» **EXERCISE INSTRUCTIONS**:
Return only these lines: the one that contains "MOON FAMILY 1257" and every line after it through the end of the listing, exactly, without pictures.

····················

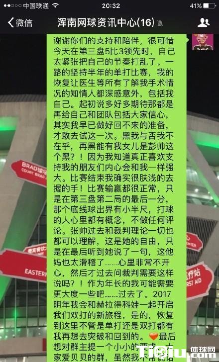彭帅之所以如此愤怒,是因为有人将她在球迷微信群里的言论截图发在了网上。在被曝光的这段话中虽有些不理性的语言,但彭帅还是认为张帅的行为可以理解。
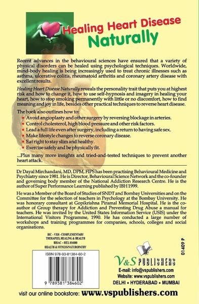 Recent advances in the behavioural sciences have ensured that a variety of physical disorders can be healed using psychological techniques. In fact,worldwide, mind-body healing is being increasingly used to treat chronic illnesses such as asthma, ulcerative colitis, rheumatoid arthritis and coronary artery disease with excellent results. This book reveals the personality trait that puts you at highest risk and how to change it, how to use self-hypnosis and imagery in healing your heart, how to stop smoking permanently with little or no discomfort, how to find meaning and joy in life, besides other practical techniques to reverse heart disease. The book also outlines how to: *Avoid angioplasty and other surgery by reversing blockage in arteries. *Control cholesterol, high blood pressure and other risk factors. *Lead a full life even after surgery, including a return to having safe sex. *Make lifestyle changes to reverse coronary disease. *Eat right to stay slim and healthy. *Exercise safely and be physically fit. ...plus many more insights and tried-and-tested techniques to prevent another heart attack.
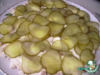 2. Огурец нарезать кольцами и уложить на курицу, промазать майонезом. |
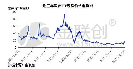 近期,歐(ōu)洲TTF現貨價(jià)格寬幅跳躍,受中東地緣政治衝突及澳大利(lì)亞雪佛龍LNG工廠(chǎng)工人罷工風險影響,日價格一度達到17美元/百萬英熱,創今年2月以來新高;但由於基本麵疲軟,價格很快也再次(cì)大幅回落。截至10月16日,歐洲TTF現(xiàn)貨價格12.8美元/百萬英熱,波動範圍為7.4—22.8美元/百萬英熱,日均價同比大幅下滑70%。2024年即將到來,歐洲51吃瓜网市場(chǎng)又將如(rú)何表現呢?
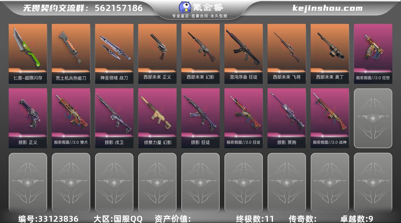 w5021【精品号】神圣战刀 西部套装 鬼丸国纲 班若2.0套装 热能刀 侦查幻影 影刃 掠夺套装 超限匕首 混沌狂徒 库存:29100 剩余VP:149剩余R点:135 段位:黑铁2历史最高:铂金3
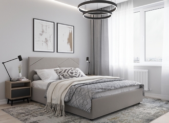 MOON FAMILY 1257 привлекает внимание оригинальным исполнением: широкие полосы ткани эффектно пересекают периметр изголовья, создавая на нем графический орнамент. Лаконичные формы объемных царг создают единый гармоничный образ и фокусируют внимание на центральном текстурном элементе кровати.
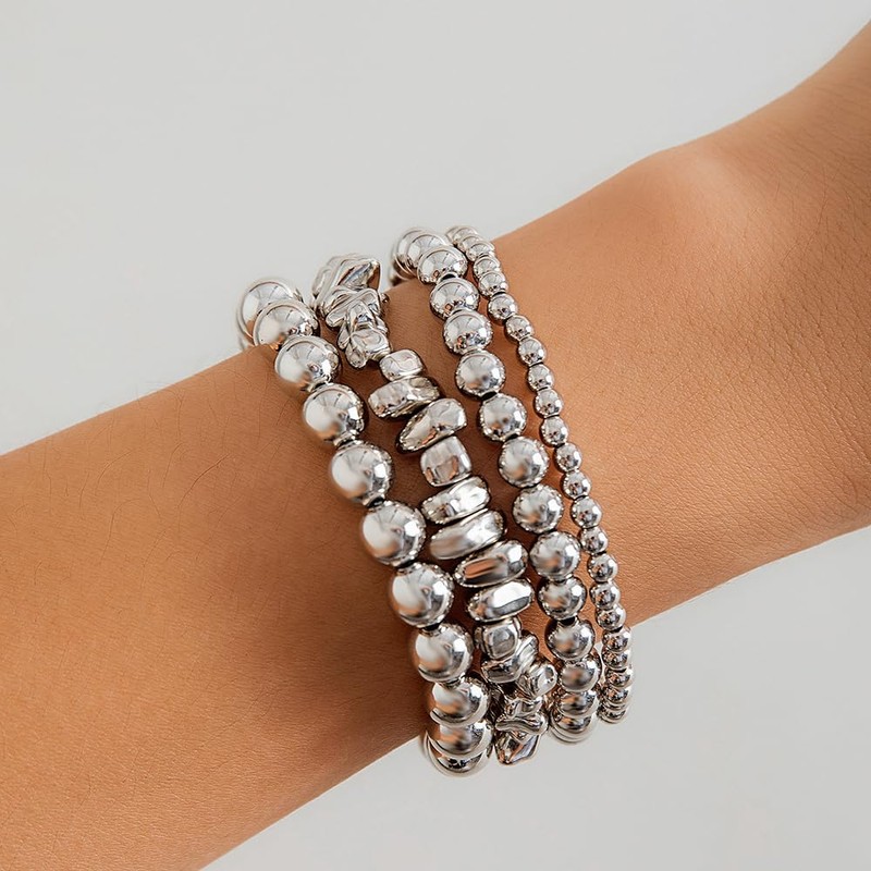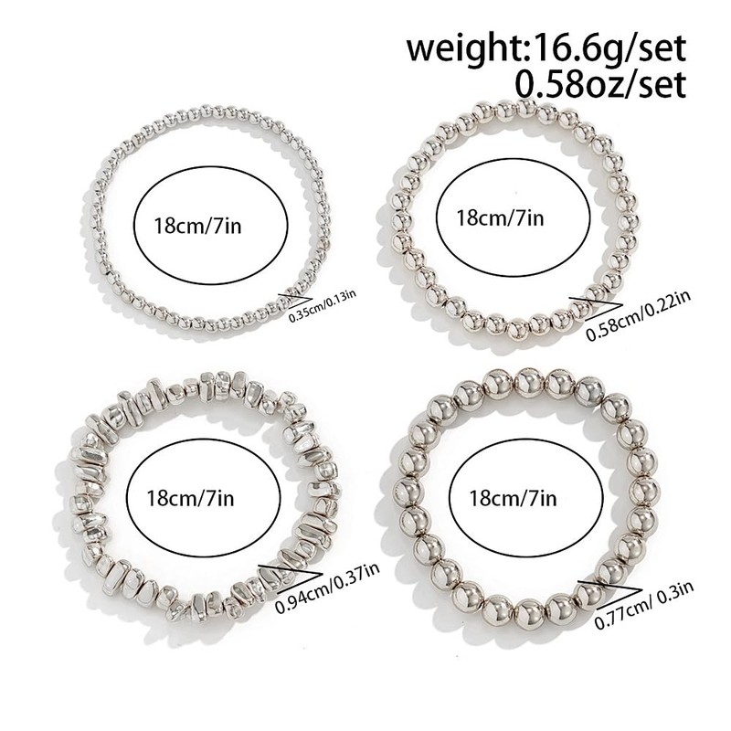 4Pcs Stackable Beaded Layered Bracelet Set for Women Irregular Gold Plated Geometric Chunky Metal Stretch Bracelet Minimalist Statement Jewelry Gift (Silver)

····················

» **RESULT OF THIS EXERCISE**:
 MOON FAMILY 1257 привлекает внимание оригинальным исполнением: широкие полосы ткани эффектно пересекают периметр изголовья, создавая на нем графический орнамент. Лаконичные формы объемных царг создают единый гармоничный образ и фокусируют внимание на центральном текстурном элементе кровати.
 4Pcs Stackable Beaded Layered Bracelet Set for Women Irregular Gold Plated Geometric Chunky Metal Stretch Bracelet Minimalist Statement Jewelry Gift (Silver)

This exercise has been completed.